Eine schräge Hochzeit zum Neuwarmbüchener Dorffest

Ausgelassene und ungewöhnliche Hochzeitsgesellschaft: Ernie und Bert lassen sich feiern. (Foto: Svenja Steinseifer)

Dorffest Neuwarmbüchen im Zeichen der Sesamstraße

NEUWARMBÜCHEN (svs). Sie sind eines der kultigsten Pärchen Deutschlands: Ernie und Bert, wohnhaft Sesamstraße. Anlässlich des Dorffestes haben sich die beiden Kinder-Helden nun endlich getraut – mit der ganzen Kirche im Schlepptau lassen sich Ernie und Bert feiern – frisch verheiratet!
„Tiffy ist eine Figur der deutschen Sesamstraße“, verrät Ingo Gesenhues, Pressewart des FC Neuwarmbüchens „genau wie Samson.“ Deshalb fehlen die beiden auf dem Festwagen, auf dem Oscar mitsamt seiner Tonne, Elmo, Kermit und das Krümelmonster ausgelassen die Hochzeit von Ernie und Bert feiern. Am vergangenen Samstag zogen die Neuwarmbüchener Vereine im Rahmen des Dorffestes mit kunterbunten Festwagen durch das Dorf.
„Zwei bis drei Monate haben wir an dem Festwagen gebaut“, verrät Lars „Speedy“, „er ist komplett aus Holz und teilweise tapeziert.“ Dabei heraus gekommen ist eine liebevoll gestaltete, komplette und detailgetreue Kirche für die schräge Hochzeit der beiden gegensätzlichen Kult-Figuren. Und dabei hat sogar der im Fernsehen griesgrämige Oskar gute Laune.

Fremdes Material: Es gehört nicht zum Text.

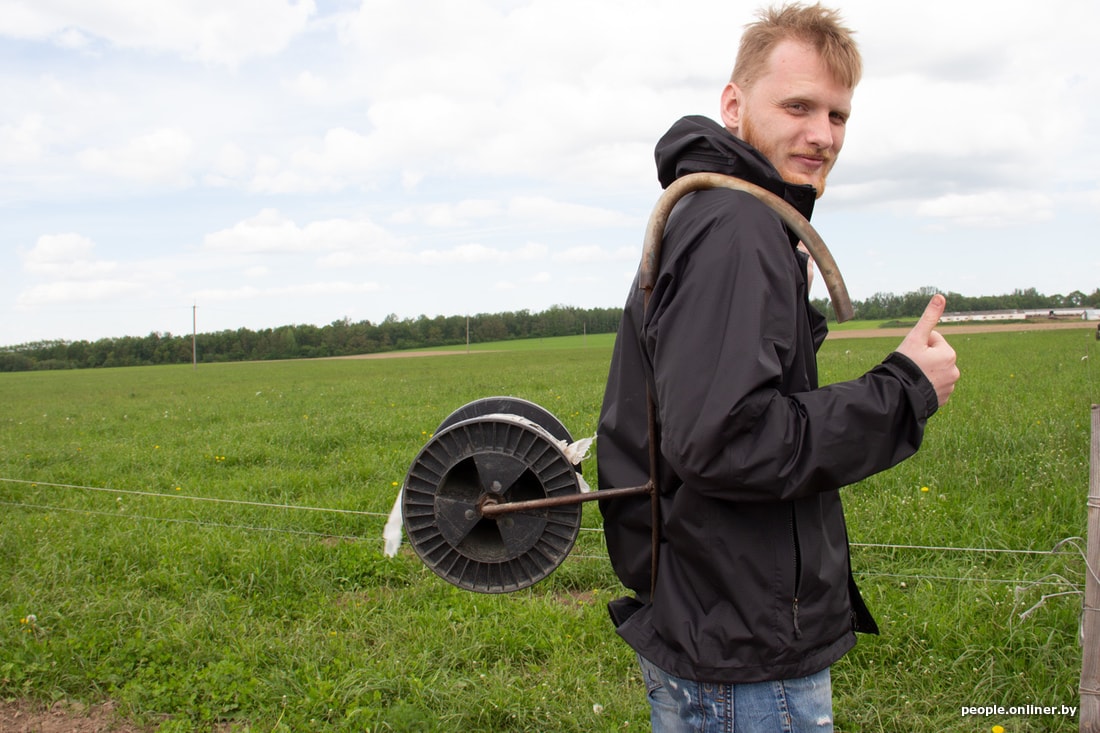 Если раньше в пастухи шли либо пенсионеры, либо дети, либо и те и другие, то сегодня пастух — специалист в сфере животноводства, а саму работу облегчил технический прогресс. Поле разделено на сектора, периметры которых ограничены проволокой. Ее натягивают с помощью самодельной конструкции «рюкзака-катушки». Вещь тяжеловатая, зато помогает держать осанку. В дальнейшем проволоку подключают к аккумулятору и подают напряжение, чтобы стадо думало, прежде чем переступить черту. Матерые пастухи напряжения на проволоке в несколько тысяч вольт уже не ощущают и могут спокойно держать «напряжение на границе» в руках, но меня ударило «нормально так», даже одернулся. Короче, проверил рефлексы, а пастухи посмеялись.

Für echtes Sesamstraßen-Feeling dröhnen Kult-Songs wie „Mana Mana“ und „Wer Wie Was“ aus den Boxen. Blumige Zeiten sind im Wagen davor angebrochen – Flower-Power pur, das Motto der Damen des FC Neuwarmbüchen. „Make love, not war“, verkündet das Stoffbanner auf dem Festwagen. Während des Umzuges lassen die Flower-Power Mädels zwischen Wassereis und Bonbons auch ein paar Blumen regnen.
Dass der Wetterhahn der Kirche von Ernie und Bert mittlerweile auf der Strecke geblieben ist, tut der allgemein guten Stimmung keinen Abbruch. „Es ist schon toll, was die Vereine sich jedes Jahr so einfallen lassen“, freut sich ein Feuerwehrmann. Mittlerweile ist der Festumzug an der Zwischenstation des Vereins für „Fitness und Gesundheit“ angekommen, wo es garantiert nur alkoholfreie Erfrischungen gibt.

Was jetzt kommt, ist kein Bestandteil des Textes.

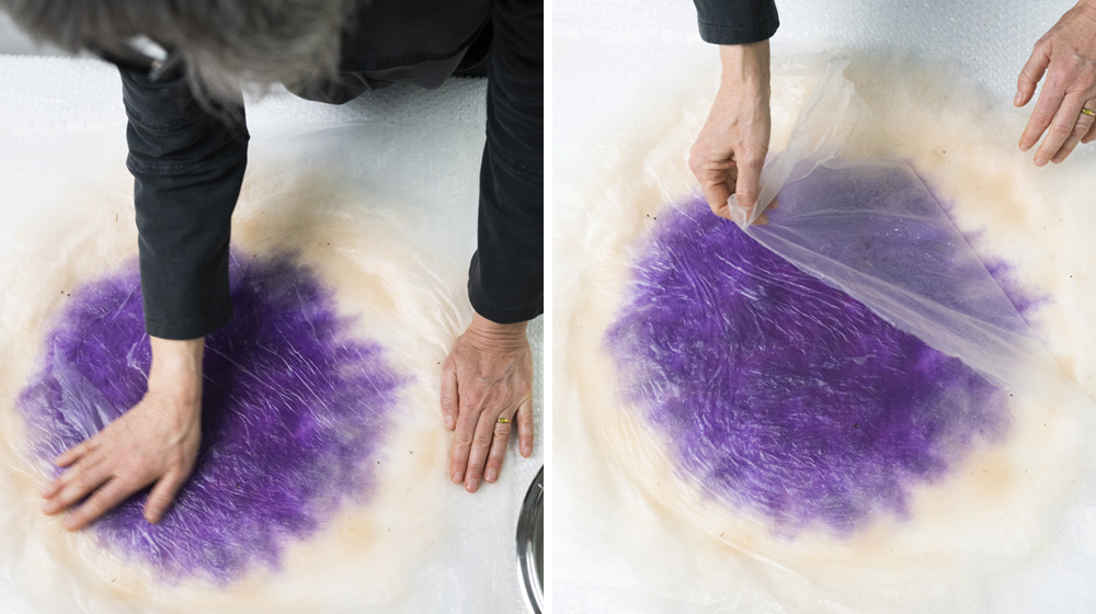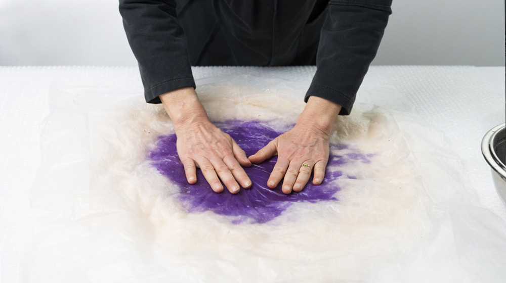 Take the Bergschaf wool color Violet and lay it out in small tufts over the viscose, completely covering it and doubling the diameter.

Gemeinsam mit der Tanzsparte des FC Neuwarmbüchen, dem Männergesangverein MGV „Immergrün“, der Jugendfeuerwehr, der Schallmeienkapelle FF Erxleben und dem Neuwarmbüchener Schützenverein schlängelt sich der Umzug weiter Richtung Festplatz Rothenfeld.
Auch nach der Rückkehr auf dem Festplatz sorgt das Sesamstraßen-Team für Aufsehen. „Die Köpfe sind aus Styropor und alle selbst gemacht“, sagt Gesenhues alias „Bert“. Etwa vier Wochen lang wurde an den lustigen Figuren gebastelt. „Letztes Jahr kursierten Gerüchte über die Heirat der Beiden“, verrät der Pressewart, „und jetzt outen wir uns einfach.“
Und das Motto des nächsten Jahres? „Darüber haben wir noch nicht nachgedacht“, sagt „Speedy“. Noch gut im Gedächtnis geblieben ist ihm die „Black Pearl“, die schwarze Perle des letzten Jahres. „Die zu toppen wird nicht leicht sein“, sagt er. Aber unterkriegen lassen will er sich nicht. Und wie es sich für den windigen Händler „Schlemihl“ gehört, trägt er einen ganz bestimmten Buchstaben in der Innenseite seines Mantels. Vielleicht möchte jemand ein „A“ kaufen? Mana mana.